A contract for US$54.4 million has been awarded to Weston Solutions Inc of West Chester, Pennsylvania, to start work on the first phase, which includes clearing and grading the site in Taipei’s Neihu District (內湖).
The company will also build a perimeter security system, vehicular and pedestrian access control facilities, recreational facilities, guards quarters, maintenance buildings and a surface parking area.
TWO YEARS
Completion of the first phase of the project, on a 6.5-hectare site that has been leased for 99 years from the Taipei Economic and Cultural Representative Office, is expected to take about two years.
The second phase of building, which will include the construction of the new office facility — which is currently being designed — will take another two-and-a-half years.
Staff may not actually move into the new complex until 2014.
“We have a unique relationship with Taiwan and this building will reflect that, but we can’t give any other details at this point,” a Washington-based US government official said.
The complex will replace the current AIT compound in downtown Taipei that accommodates about 200 US and local staff and is protected by Taiwanese police.
MARINES
When the State Department first advertised for a contractor last April it said the new AIT complex would include Marine guard quarters.

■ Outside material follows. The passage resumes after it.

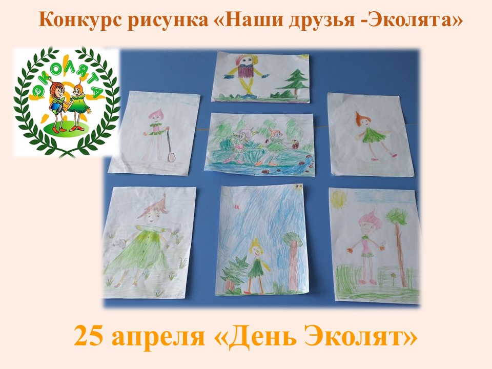Дети приняли участие в конкурсе рисунка «Наши друзья -Эколята» где они нарисовали своих новых друзей Эколят - Шалуна, Тихоню, Ёлочку и Умницу.

But while most US embassies around the world are guarded by Marines, US military forces have been barred from Taiwan since the US switched diplomatic recognition from Taipei to Beijing in 1979.
And it may be significant that in its announcement of the phase one contract, the State Department made no mention of a Marine facility, but said simply that the new complex would include “guard quarters.”
There had been speculation that the new complex would include a US Marine barracks — a move that would greatly anger China — but a well-placed source in Washington said that this would not happen and that it was “highly unlikely” that Marines would replace the local guards now used by the AIT in Taiwan.